Problem statement:
Would you copy exactly the lines in the data below from the one that has "Modulo Waschtische |" through the one that has "Mustard and Migos", dropping any pictures?

Material for the task:
****************************************

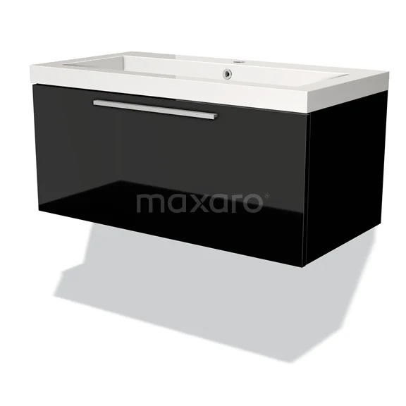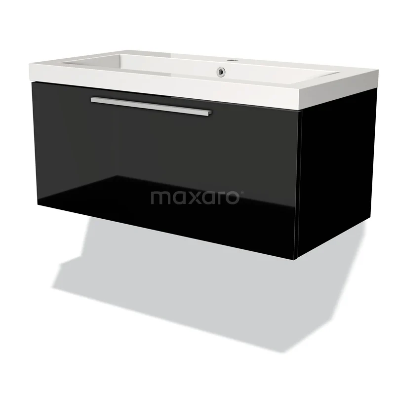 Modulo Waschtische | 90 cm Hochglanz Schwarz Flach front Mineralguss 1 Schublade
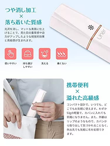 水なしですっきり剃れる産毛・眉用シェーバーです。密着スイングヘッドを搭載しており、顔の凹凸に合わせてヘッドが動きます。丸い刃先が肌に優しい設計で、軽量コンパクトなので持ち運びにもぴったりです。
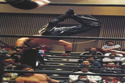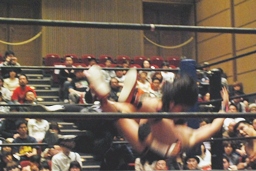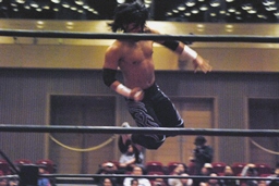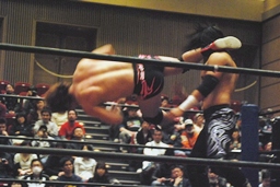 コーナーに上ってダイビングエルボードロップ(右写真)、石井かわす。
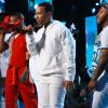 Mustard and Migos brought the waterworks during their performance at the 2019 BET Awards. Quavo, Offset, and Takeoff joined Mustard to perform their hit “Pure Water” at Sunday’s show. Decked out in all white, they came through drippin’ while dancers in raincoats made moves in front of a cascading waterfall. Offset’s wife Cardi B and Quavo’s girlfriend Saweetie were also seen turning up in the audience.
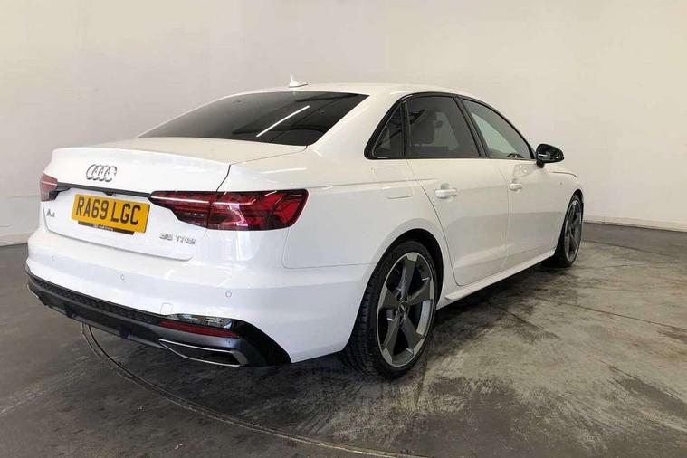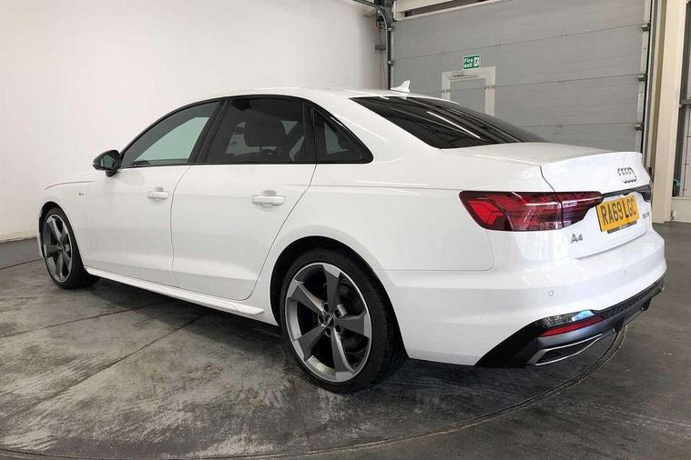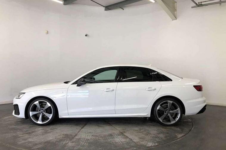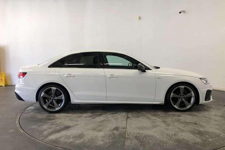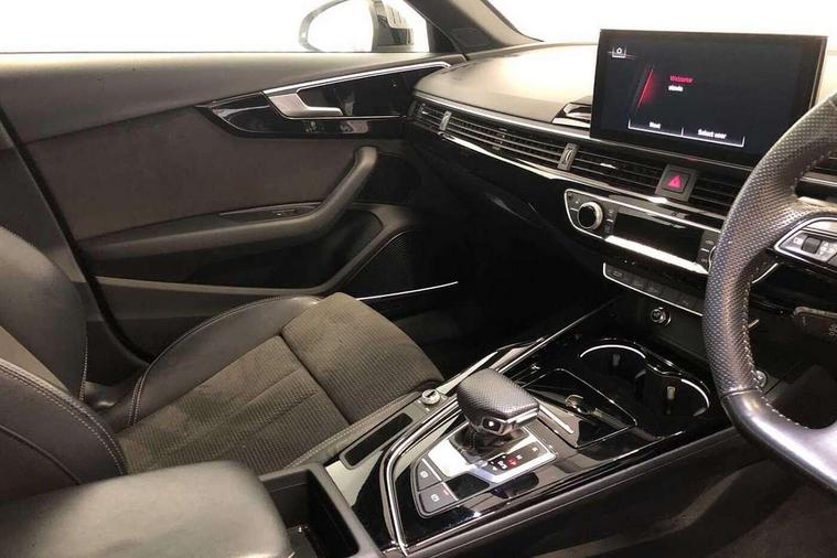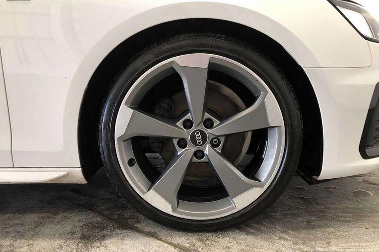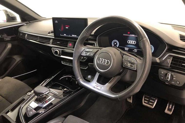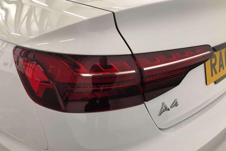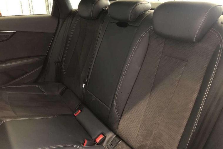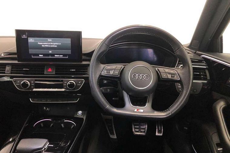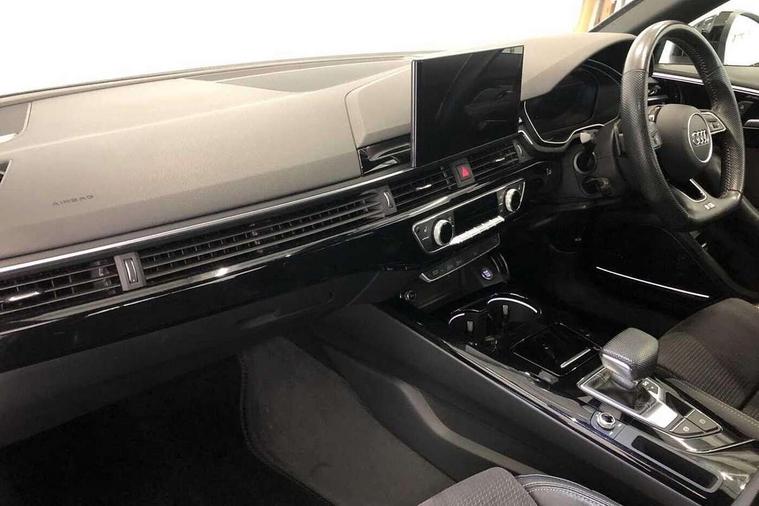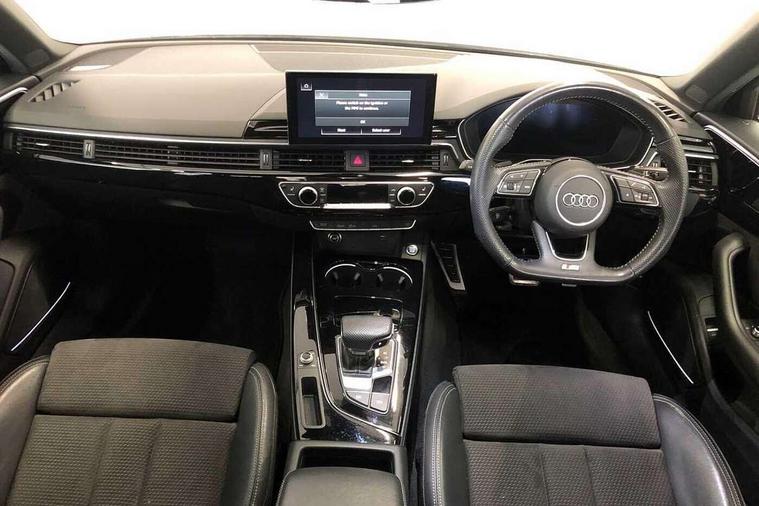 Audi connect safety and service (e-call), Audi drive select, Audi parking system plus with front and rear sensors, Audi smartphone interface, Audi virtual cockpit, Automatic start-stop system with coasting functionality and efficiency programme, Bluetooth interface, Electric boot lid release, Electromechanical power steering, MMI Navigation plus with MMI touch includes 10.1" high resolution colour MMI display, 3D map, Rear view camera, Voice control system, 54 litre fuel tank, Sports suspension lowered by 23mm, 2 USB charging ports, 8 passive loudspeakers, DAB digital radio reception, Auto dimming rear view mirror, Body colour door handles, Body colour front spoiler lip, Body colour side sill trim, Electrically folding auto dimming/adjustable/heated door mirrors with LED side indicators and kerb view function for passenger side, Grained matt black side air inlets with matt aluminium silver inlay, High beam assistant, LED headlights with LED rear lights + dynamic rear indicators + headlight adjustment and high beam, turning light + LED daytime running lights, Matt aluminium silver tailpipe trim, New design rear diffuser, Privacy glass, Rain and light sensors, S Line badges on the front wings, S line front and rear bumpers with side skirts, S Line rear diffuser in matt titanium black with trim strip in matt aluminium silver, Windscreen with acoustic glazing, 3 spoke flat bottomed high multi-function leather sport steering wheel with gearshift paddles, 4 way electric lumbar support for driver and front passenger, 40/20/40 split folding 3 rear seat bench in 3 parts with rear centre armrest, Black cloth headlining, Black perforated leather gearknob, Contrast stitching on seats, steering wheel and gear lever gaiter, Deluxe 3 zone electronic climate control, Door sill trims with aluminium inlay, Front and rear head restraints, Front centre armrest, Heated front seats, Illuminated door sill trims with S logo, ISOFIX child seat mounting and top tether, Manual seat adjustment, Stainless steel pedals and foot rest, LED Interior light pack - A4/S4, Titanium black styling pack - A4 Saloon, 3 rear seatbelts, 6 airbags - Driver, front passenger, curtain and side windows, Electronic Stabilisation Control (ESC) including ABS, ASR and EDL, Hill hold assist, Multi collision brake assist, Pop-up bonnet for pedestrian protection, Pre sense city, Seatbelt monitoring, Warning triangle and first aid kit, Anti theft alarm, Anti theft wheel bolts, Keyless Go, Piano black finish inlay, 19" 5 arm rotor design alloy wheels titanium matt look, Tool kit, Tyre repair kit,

****************************************

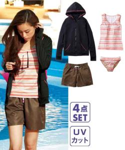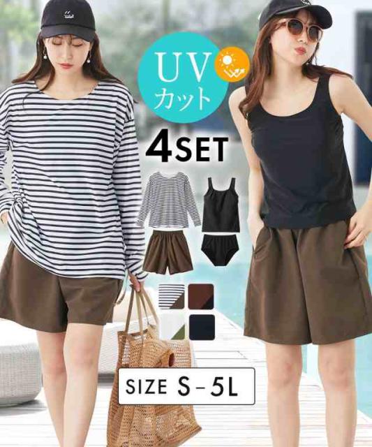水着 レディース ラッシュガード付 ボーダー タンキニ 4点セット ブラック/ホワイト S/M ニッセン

****************************************

Answer box:
 Modulo Waschtische | 90 cm Hochglanz Schwarz Flach front Mineralguss 1 Schublade
 水なしですっきり剃れる産毛・眉用シェーバーです。密着スイングヘッドを搭載しており、顔の凹凸に合わせてヘッドが動きます。丸い刃先が肌に優しい設計で、軽量コンパクトなので持ち運びにもぴったりです。
 コーナーに上ってダイビングエルボードロップ(右写真)、石井かわす。
 Mustard and Migos brought the waterworks during their performance at the 2019 BET Awards. Quavo, Offset, and Takeoff joined Mustard to perform their hit “Pure Water” at Sunday’s show. Decked out in all white, they came through drippin’ while dancers in raincoats made moves in front of a cascading waterfall. Offset’s wife Cardi B and Quavo’s girlfriend Saweetie were also seen turning up in the audience.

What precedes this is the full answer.